DIRECTIONS:
Retype every entry word for word. Omit the pictures.

● ● ●

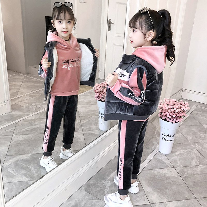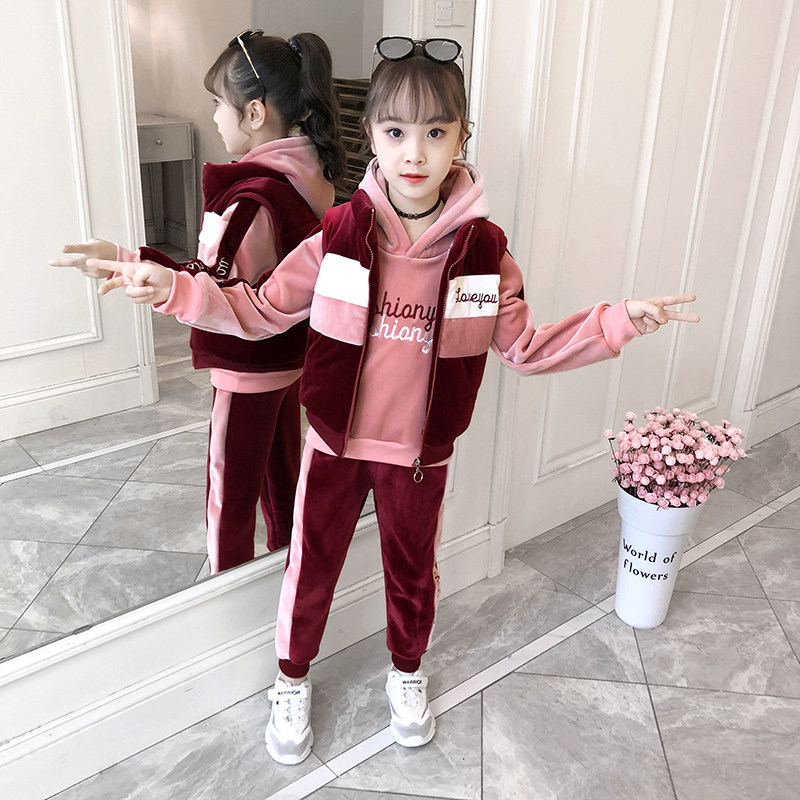 На девочку Золотой бархат комплект спортивный 3 накладки осень-зима Пакет утепленный 2021 новая коллекция западный стиль корейская версия детские Жилет Tide.
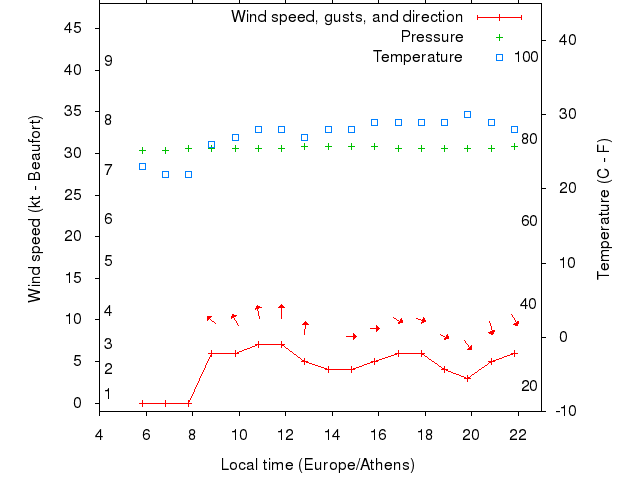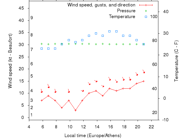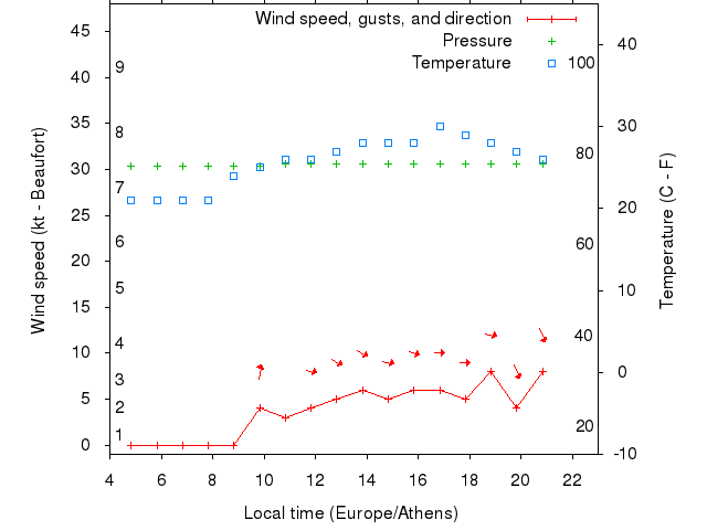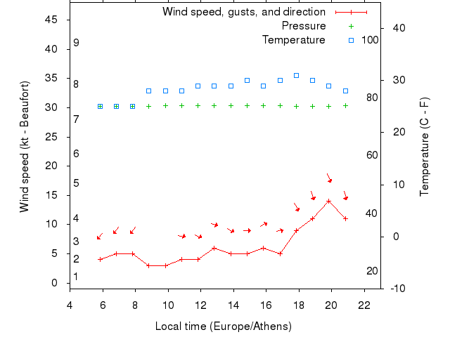 Dawn after 4:00; dusk before 23:00 local time (Europe/Athens).
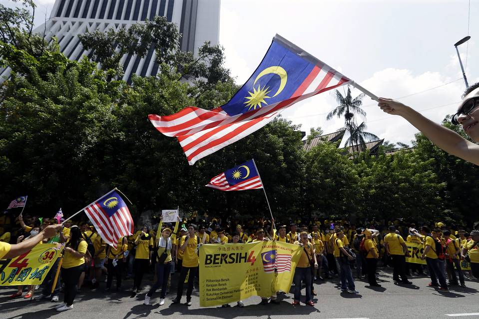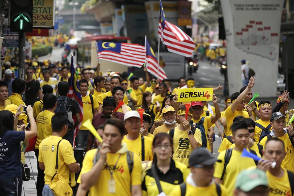 Decenas de miles de malasios vestidos con camisetas amarillas y haciendo sonar cuernos desafiaron a las autoridades el sábado en Kuala Lumpur con una manifestación multitudinaria para exigir la dimisión del asediado primer ministro del país, Najib Razak.
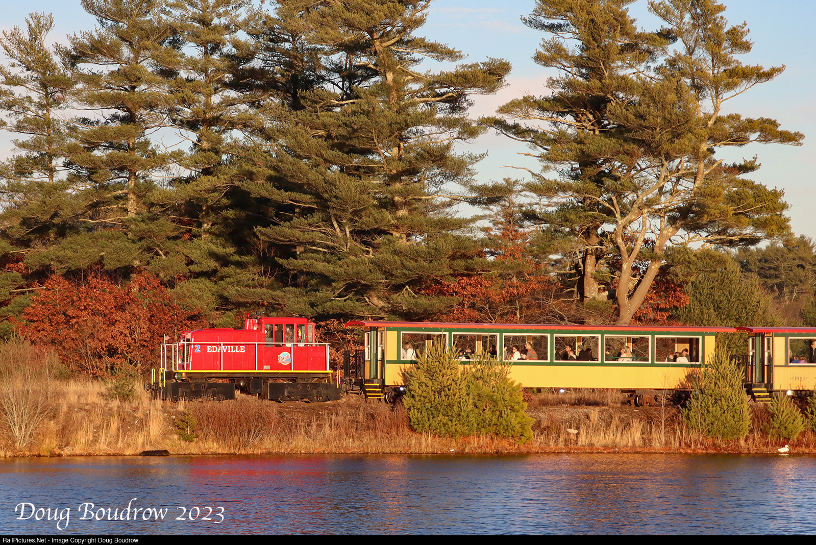 Locomotive #2 is seen coming around the main pond at Edaville, USA. This engine was built by General Electric in 1949 and is classified as a 23-ton switcher. It was part of an order of three units for the Whitin Machine Works in Whitinsville, Mass. Although it was the first day of 2023, it was the last day of the season for Edaville USA. 2022 marked the first season under the new management of Shervin B. Hawley and Brian Fanslau. Ellis D Atwood first opened Edaville Railroad in 1947 in the cranberry bogs of South Carver, Massachusetts. The original collection included most of the surviving Maine 2-foot gauge locomotives and rolling stock. Although Edaville is one of the oldest heritage railroads operating in the United States, the original park closed in 1991. At that time the collection was relocated to Portland at the Maine Narrow Gauge Museum. In 1999 the park was reopened but in 2005 the nearly 6-mile route was shortened to 2.5 miles. The railroad owns two operating steam locomotives although one of them, #21 is undergoing repairs at Maine Locomotive & Machine Works in Alna, Maine. Seen here is #11, built by the Boothbay Railway Village in Boothbay Maine. It is a combination of two 1925 Porter locomotives, #10 and #11 that were longtime display pieces on the Edaville property. Edaville USA is the only railroad with operating steam locomotives in Massachusetts.
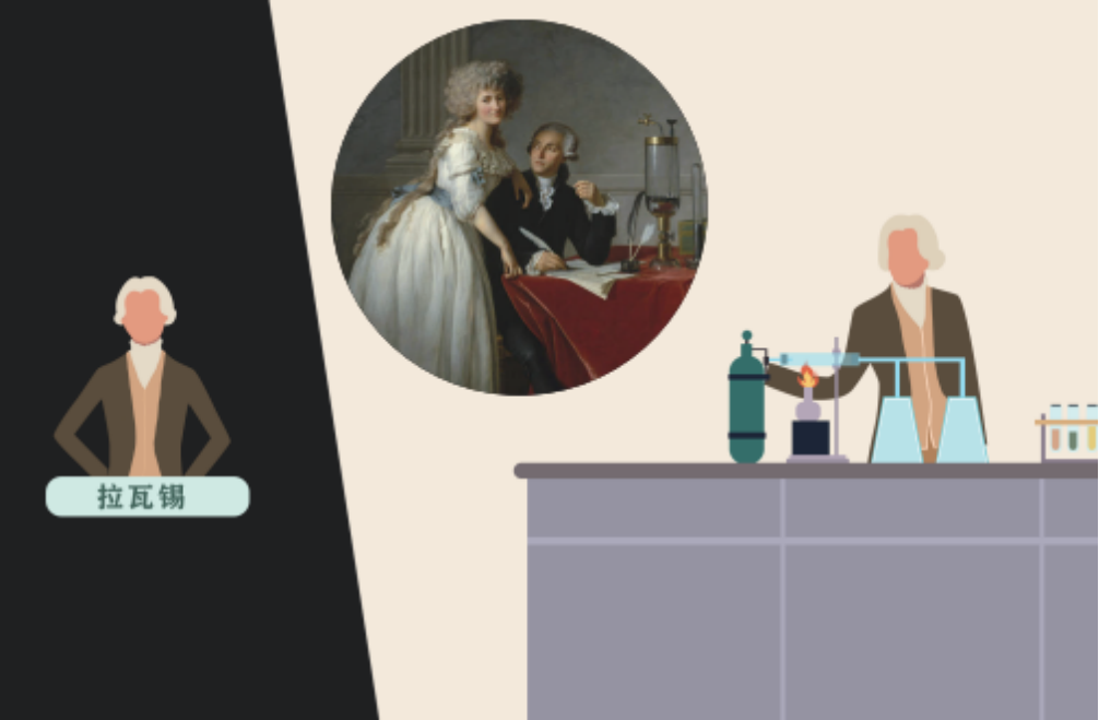 拉瓦锡出生于贵族之家,继承了巨额遗产,从小衣食无忧。家人希望拉瓦锡成为一名律师,但是他一直对化学很感兴趣,于是,在就读巴黎大学法学院之后,他仍然利用课余时间继续学习自然科学。后来,拉瓦锡取得了律师证书,还成为一家私人征税公司的老板,手头十分宽裕,他利用这些资金与自己聪慧的妻子玛丽共同打造了一个私人化学实验室,致力于化学研究。玛丽成为拉瓦锡的助手,协助他翻译文献、为他的著作绘制插图。拉瓦锡在法国大革命中被处死后,玛丽积极推广他的研究,为传播他的思想做出了重要贡献。不过,在旧版高中化学课本的插图中,拉瓦锡的妻子却被忽略掉了。
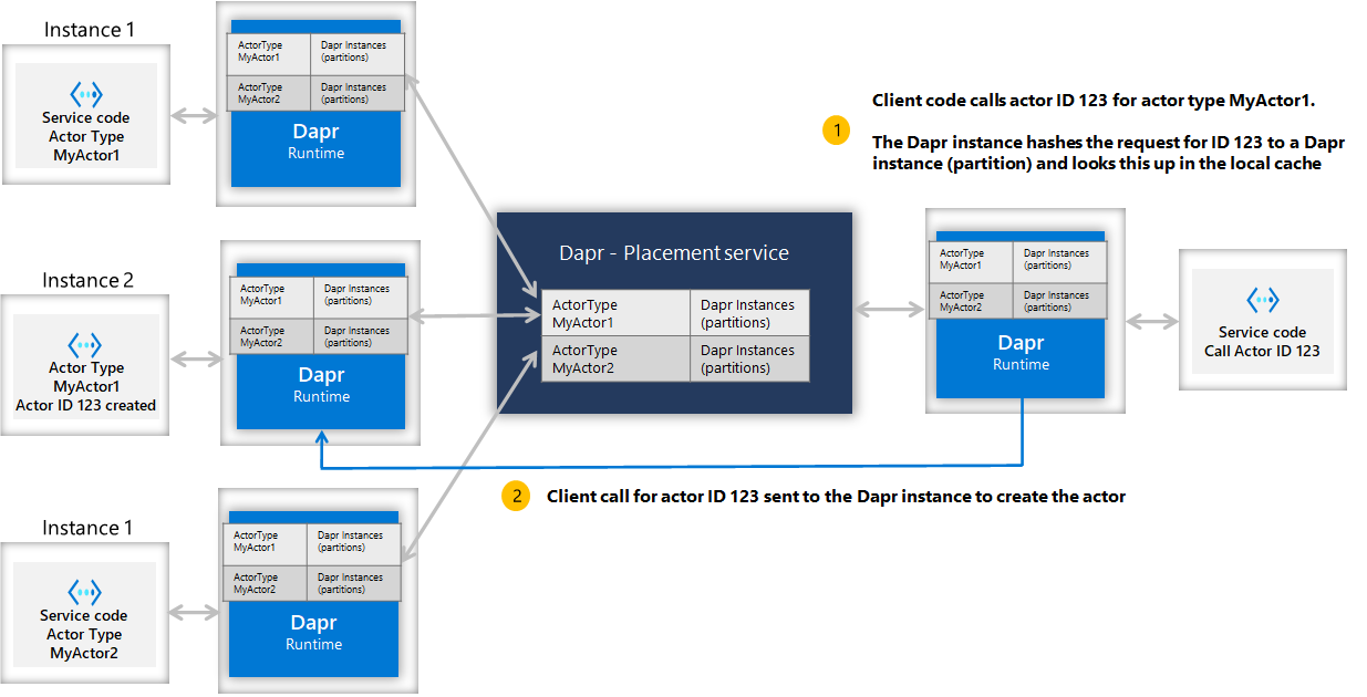 When a client calls an actor with a particular id (for example, actor id 123), the Dapr instance for the client hashes the actor type and id, and uses the information to call onto the corresponding Dapr instance that can serve the requests for that particular actor id. As a result, the same partition (or service instance) is always called for any given actor id. This is shown in the diagram below.
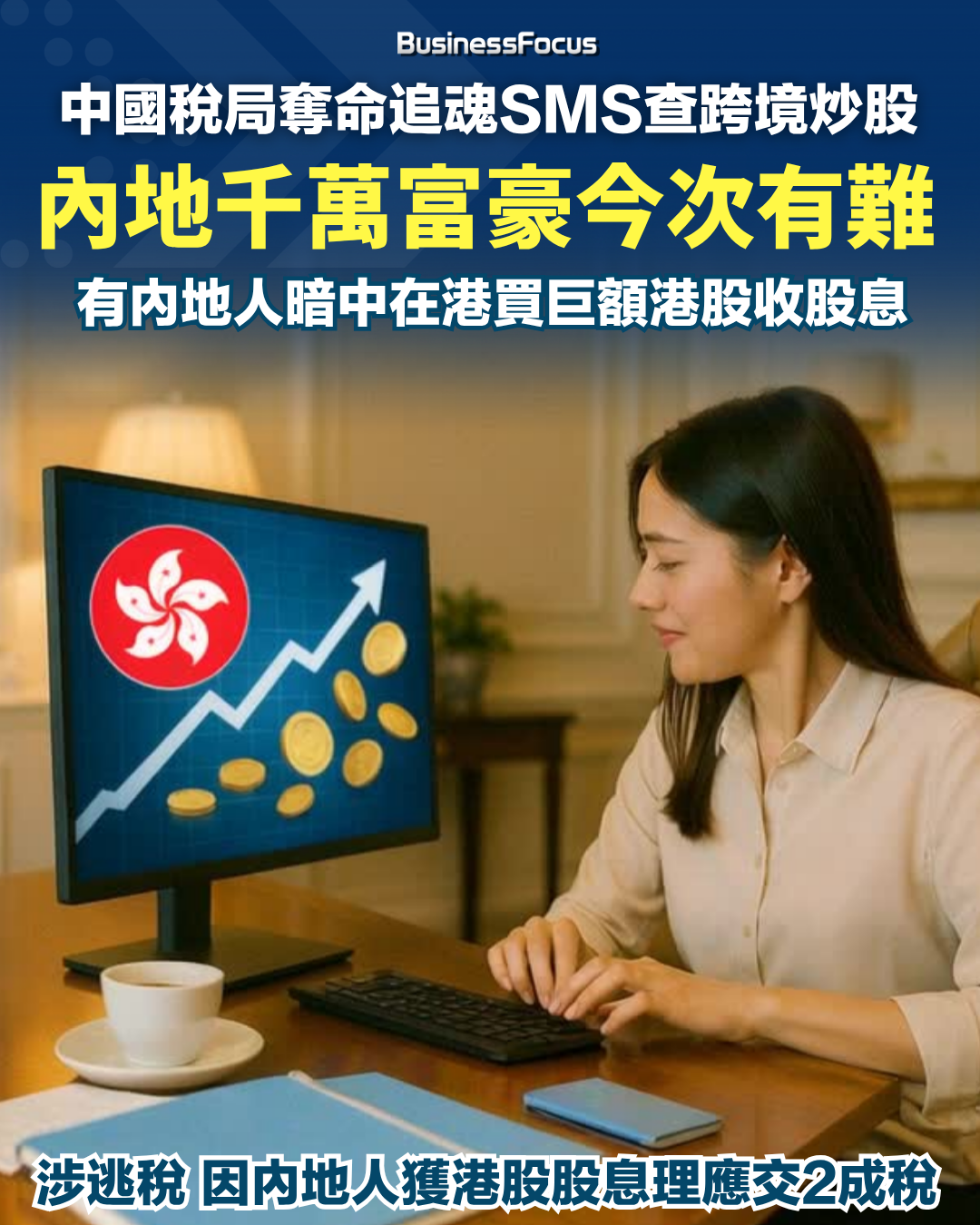 內地富人近年流行「偷運」資金來港買股、買保險,買樓,既可逃稅又可轉移資產,但他們或者快將「大難臨頭」?據報道,中國稅務總局近月大舉出手,透過香港券商經「共同匯報準則(CRS)」間接呈交的內地客人資料,向一批在香港股票戶口擁逾100萬美元資產的內地人發出「奪命追魂SMS」。該SMS(短訊)要求對方補充過去3年的境外投資收益及補交拖欠的稅款。其中內地人藉港股收取的股息,必須補交2成欠稅;有傳在港買賣港股美股若獲巨利,亦有可能要補交所得稅,惹來議論紛紛。

● ● ●

ANSWER TO THIS EXERCISE:
 На девочку Золотой бархат комплект спортивный 3 накладки осень-зима Пакет утепленный 2021 новая коллекция западный стиль корейская версия детские Жилет Tide.
 Dawn after 4:00; dusk before 23:00 local time (Europe/Athens).
 Decenas de miles de malasios vestidos con camisetas amarillas y haciendo sonar cuernos desafiaron a las autoridades el sábado en Kuala Lumpur con una manifestación multitudinaria para exigir la dimisión del asediado primer ministro del país, Najib Razak.
 Locomotive #2 is seen coming around the main pond at Edaville, USA. This engine was built by General Electric in 1949 and is classified as a 23-ton switcher. It was part of an order of three units for the Whitin Machine Works in Whitinsville, Mass. Although it was the first day of 2023, it was the last day of the season for Edaville USA. 2022 marked the first season under the new management of Shervin B. Hawley and Brian Fanslau. Ellis D Atwood first opened Edaville Railroad in 1947 in the cranberry bogs of South Carver, Massachusetts. The original collection included most of the surviving Maine 2-foot gauge locomotives and rolling stock. Although Edaville is one of the oldest heritage railroads operating in the United States, the original park closed in 1991. At that time the collection was relocated to Portland at the Maine Narrow Gauge Museum. In 1999 the park was reopened but in 2005 the nearly 6-mile route was shortened to 2.5 miles. The railroad owns two operating steam locomotives although one of them, #21 is undergoing repairs at Maine Locomotive & Machine Works in Alna, Maine. Seen here is #11, built by the Boothbay Railway Village in Boothbay Maine. It is a combination of two 1925 Porter locomotives, #10 and #11 that were longtime display pieces on the Edaville property. Edaville USA is the only railroad with operating steam locomotives in Massachusetts.
 拉瓦锡出生于贵族之家,继承了巨额遗产,从小衣食无忧。家人希望拉瓦锡成为一名律师,但是他一直对化学很感兴趣,于是,在就读巴黎大学法学院之后,他仍然利用课余时间继续学习自然科学。后来,拉瓦锡取得了律师证书,还成为一家私人征税公司的老板,手头十分宽裕,他利用这些资金与自己聪慧的妻子玛丽共同打造了一个私人化学实验室,致力于化学研究。玛丽成为拉瓦锡的助手,协助他翻译文献、为他的著作绘制插图。拉瓦锡在法国大革命中被处死后,玛丽积极推广他的研究,为传播他的思想做出了重要贡献。不过,在旧版高中化学课本的插图中,拉瓦锡的妻子却被忽略掉了。
 When a client calls an actor with a particular id (for example, actor id 123), the Dapr instance for the client hashes the actor type and id, and uses the information to call onto the corresponding Dapr instance that can serve the requests for that particular actor id. As a result, the same partition (or service instance) is always called for any given actor id. This is shown in the diagram below.
 內地富人近年流行「偷運」資金來港買股、買保險,買樓,既可逃稅又可轉移資產,但他們或者快將「大難臨頭」?據報道,中國稅務總局近月大舉出手,透過香港券商經「共同匯報準則(CRS)」間接呈交的內地客人資料,向一批在香港股票戶口擁逾100萬美元資產的內地人發出「奪命追魂SMS」。該SMS(短訊)要求對方補充過去3年的境外投資收益及補交拖欠的稅款。其中內地人藉港股收取的股息,必須補交2成欠稅;有傳在港買賣港股美股若獲巨利,亦有可能要補交所得稅,惹來議論紛紛。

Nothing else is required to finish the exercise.